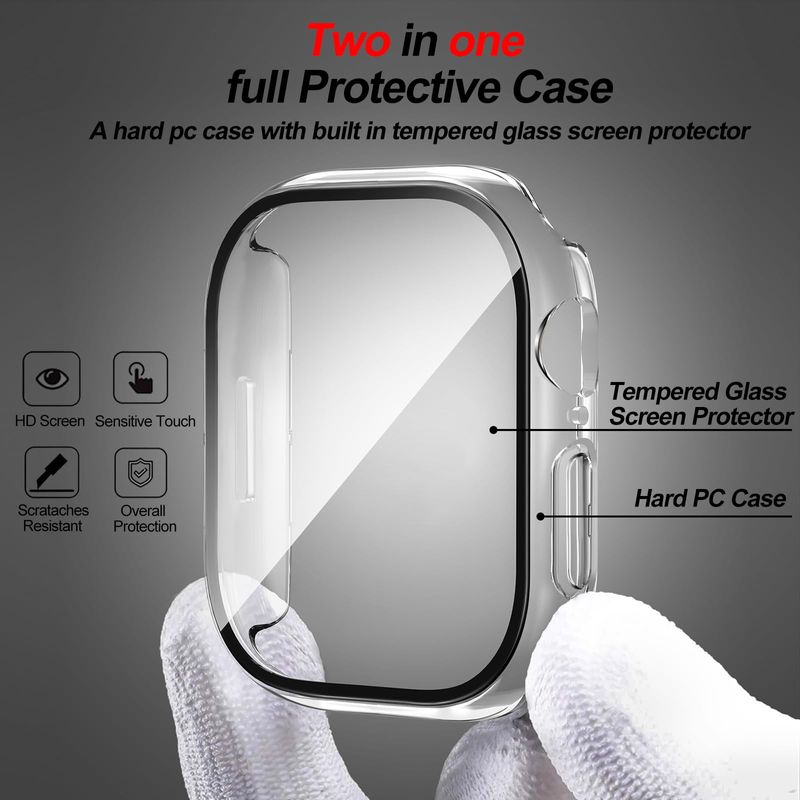 TELEFONIASMARTWATCHSmiling - Paquete de 2 fundas protectoras de pantalla de vidrio templado integradas compatibles con
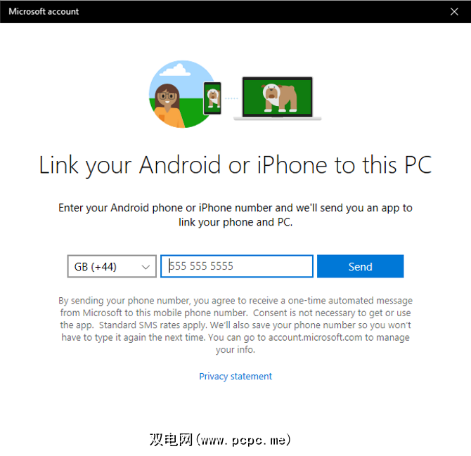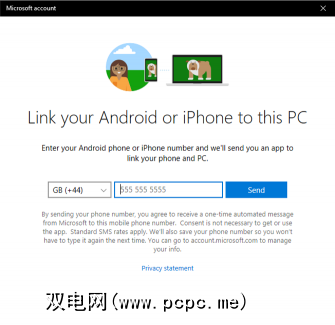 “电话"应用启动后,请按照说明进行操作,直到需要输入电话号码为止。这是向手机发送将其连接到PC的应用程序所必需的。输入您的电话号码并单击发送。
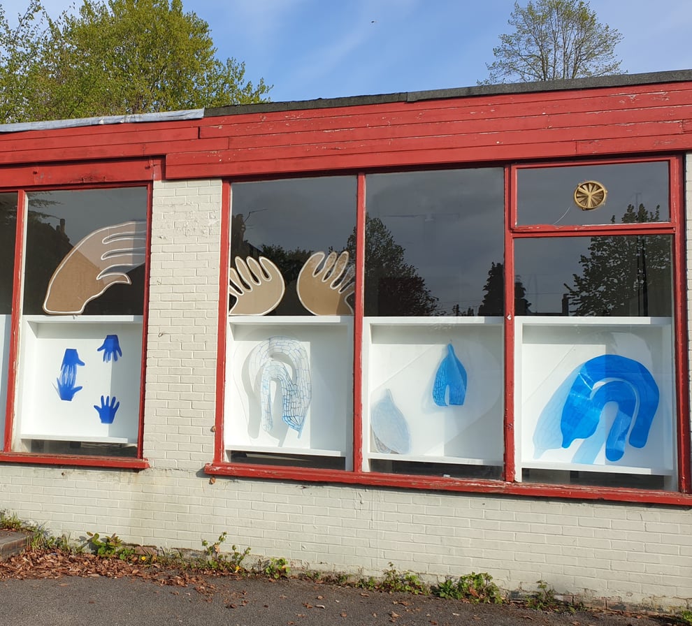 Work in progress - cardboard cut-outs are inspired by ancient Assyrian carvings of winged human figures pollinating palm trees.
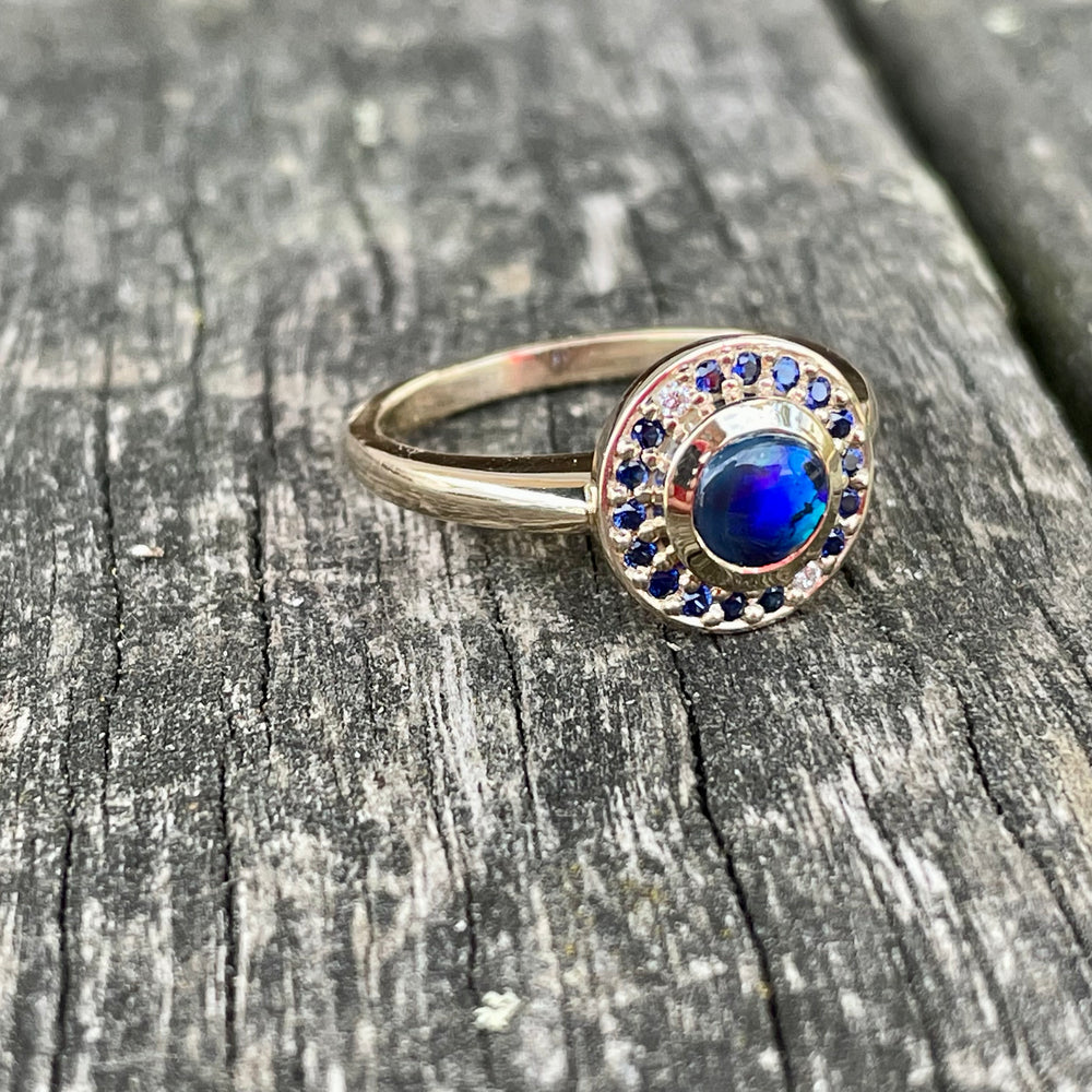 9ct Gold, Opal, Sapphire, and Diamond Halo Ring

-*-

> Your goal: Set down all of the material above exactly as written, leaving the pictures out.

> Output:
 TELEFONIASMARTWATCHSmiling - Paquete de 2 fundas protectoras de pantalla de vidrio templado integradas compatibles con
 “电话"应用启动后,请按照说明进行操作,直到需要输入电话号码为止。这是向手机发送将其连接到PC的应用程序所必需的。输入您的电话号码并单击发送。
 Work in progress - cardboard cut-outs are inspired by ancient Assyrian carvings of winged human figures pollinating palm trees.
 9ct Gold, Opal, Sapphire, and Diamond Halo Ring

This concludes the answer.